Wednesday, December 20, 2006


This is the post where I admit one of my deepest secrets. Are you ready?

I am a dentophobe.

Lest you think I am creating a phobia that I alone suffer from (and that, therefore, the fear is utterly invalid) I provide you with this link:

If you are one of my brethren in the dentophobe category, then not only do I welcome you, but I invite you to pull up a chair. And I promise .... it does not recline, and no one will hand you sunglasses as the glaring light drops from overhead.

Yes, I am afraid of the dentist. Afraid of the actual person who performs the procedures, afraid of the place where the procedures take place, afraid of the little plastic-wrapped tray of pointy tools and, oh ... let's not even get into the procedures themselves.

Unfortunately for me, not only do I harbor an irrational fear of dentists, but I have awful teeth. Anyone who thinks that the Lord doesn't have a sense of humor is free to email me for details.

I inherited weak enamel from my father and bad gums from my mother. Couple that with a childhood literally drowning in Coke and Twinkies and you get the picture. I discovered healthy eating and meticulous oral care in college, but alas, the damage was done.

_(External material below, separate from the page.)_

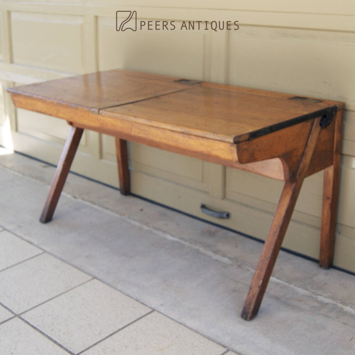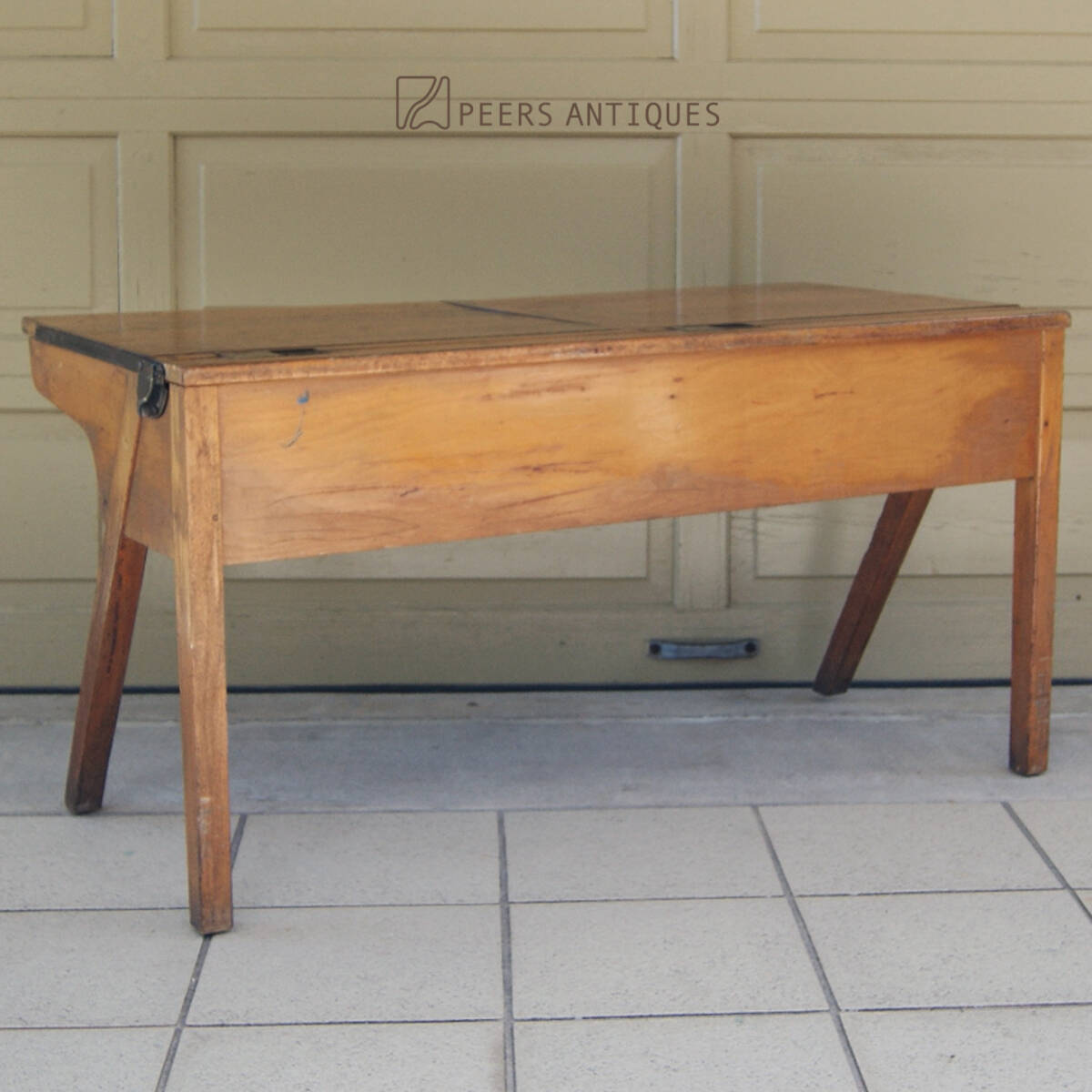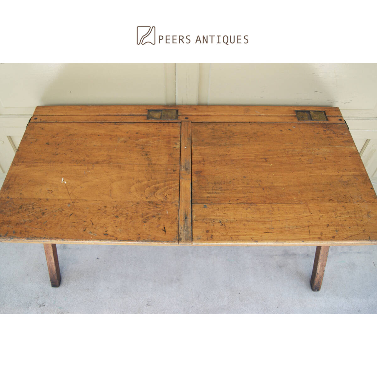 4445t18【イギリス 英国 アンティーク☆古い 木製 2人掛け スクールデスク 学校机】ローテーブル 飾台 展示台 ヴィンテージ 希少 レア◎

I am now an adult woman with fillings in every single molar. Since I've got a full set, that comes up to 14 nuggets of silver leaching chemicals into my mouth and three porcelain bandaids doing who-knows-what to me in the name of arresting decay.

Yesterday I got to experience my second root canal. And while I happen to have a very good provider to perform such acts of horror on my mouth, I still approached the idea of having my root canal-ed with something akin to cold sweats and night terrors.

Enter my friendly, smiling dentist and his magical prescription pad. "You know," he said on Monday as he pronounced the sentence on my aching, swollen mouth, "there's no reason to put yourself through this. I can give you something to take the edge off."

Take the edge off? Oh, boy. Sign me up.

So yesterday morning I went in for a root canal looped on 5 mg of Valium. My understanding is that this is a very low does, which is appropriate because I don't tolerate most medications very well. I wasn't incoherent by any means, and I can't say I was relaxed when I slipped my headphones on and waited for the drilling to stop. But you know, it could have been much, much worse.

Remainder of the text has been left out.